For that matter, where was anything? There wasn’t a constellation anywhere that he could recognize. No sickle of Leo. No belt of Orion. No horns of Taurus.

Worse, there was a group of eight bright stars that ought to have been a constellation, for they were shaped roughly like an octagon. Yet if such a constellation had ever existed, he’d never seen it, for he’d been around the Horn and Good Hope. Maybe at that—but no, there wasn’t any Southern Cross!

Dazedly, Captain Randall walked to the companionway. “Mistress Weisskopf,” he called. “Mister Helmstadt. Come on deck.”

They came and looked. Nobody said anything for quite a while.

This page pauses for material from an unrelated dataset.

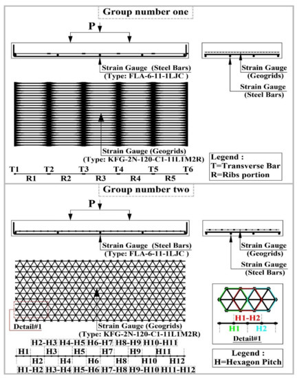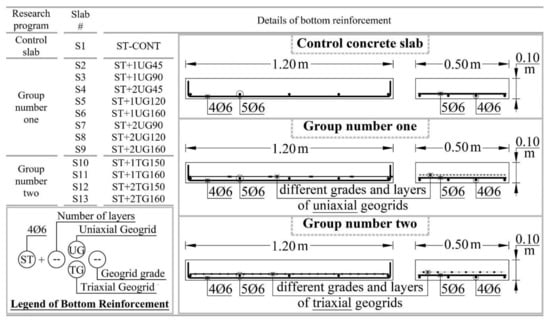 The experimental program of this study included thirteen concrete slabs that had the same dimensions of 120 cm length, 50 cm width, and 10 cm depth. These concrete slabs were prepared, tested, and examined under a four-point loading system until they failed in flexure, and were divided into two groups and one concrete control slab based on the experimental program. All concrete slabs were reinforced by a main minimum bottom steel bars reinforcement of four 6 mm diameter plain steel bars in the longitudinal direction and five 6 mm diameter plain steel bars in the transverse direction in addition to different types, tensile strengths, and layers of geogrids based on the experimental program. Group number one consisted of eight concrete slabs, were reinforced by the main minimum bottom steel bars reinforcement in addition to different tensile strengths, and layers of uniaxial geogrids. Group two consisted of four concrete slabs were reinforced by the main minimum bottom steel bars reinforcement in addition to different tensile strengths, and layers of triaxial geogrids. While the concrete control slab was reinforced only by the main minimum bottom steel bars reinforcement. The concrete slabs reinforcement details per each group are illustrated in detail in Figure 2. It should be mentioned that, as the minimally reinforced concrete sections are brittle structures [28], the decision was made to use the minimum ratio of the bottom reinforcement steel bars in order to: Provide only one flexural crack cross the concrete slab section, and to depend more on the geogrids and deeply study its behavior as additional reinforcement to the steel bars.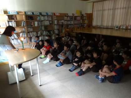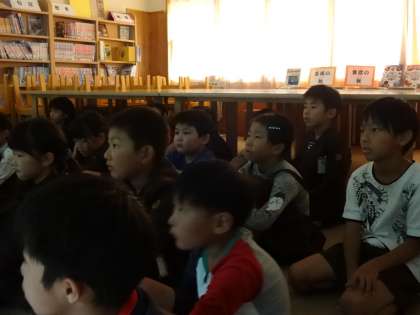 2回目のお話のいす。読み聞かせをしてくれる人の顔を真剣に聞き入る姿やおもしろくて思わず笑ってしまう場面もあり、楽しく聞かせていただきました。

“Shut off the engines, Mister Helmstadt,” said the captain. Helmstadt saluted—the first time he ever had—and went below.

“Captain, shall I wake opp Feiss?” asked Weisskopf.

“What for?”

“I don’t know.”

The captain considered. “Wake him up,” he said.

“I think ve are on der blanet Mars,” said Gross.

But the captain had thought of that and had rejected it.

“No,” he said firmly. “From any planet in the solar system the constellations would look approximately the same.”

“You mean ve are oudt of de cosmos?”

The throb of the engines suddenly ceased, and there was only the soft familiar lapping of the waves against the hull and the gentle familiar rocking of the boat.

Weisskopf returned with Weiss, and Helmstadt came on deck and saluted again.

“Veil, Captain?”

Captain Randall waved a hand to the after deck, piled high with cases of liquor under a canvas tarpaulin. “Break out the cargo,” he ordered.

The blackjack game was not resumed. At dawn, under a sun they had never expected to see again—and, for that matter, certainly were not seeing at the moment—the five unconscious men were moved from the ship to the Port of San Francisco Jail by members of the coast patrol. During the night the Rarnsagansett had drifted through the Golden Gate and bumped gently into the dock of the Berkeley ferry.

In tow at the stern of the schooner was a big canvas tarpaulin. It was transfixed by a harpoon whose rope was firmly tied to the aftermast. Its presence there was never explained officially, although days later Captain Randall had vague recollection of having harpooned a sperm whale during the night. But the elderly able-bodied seaman named Weiss never did find out what happened to his wooden leg, which is perhaps just as well.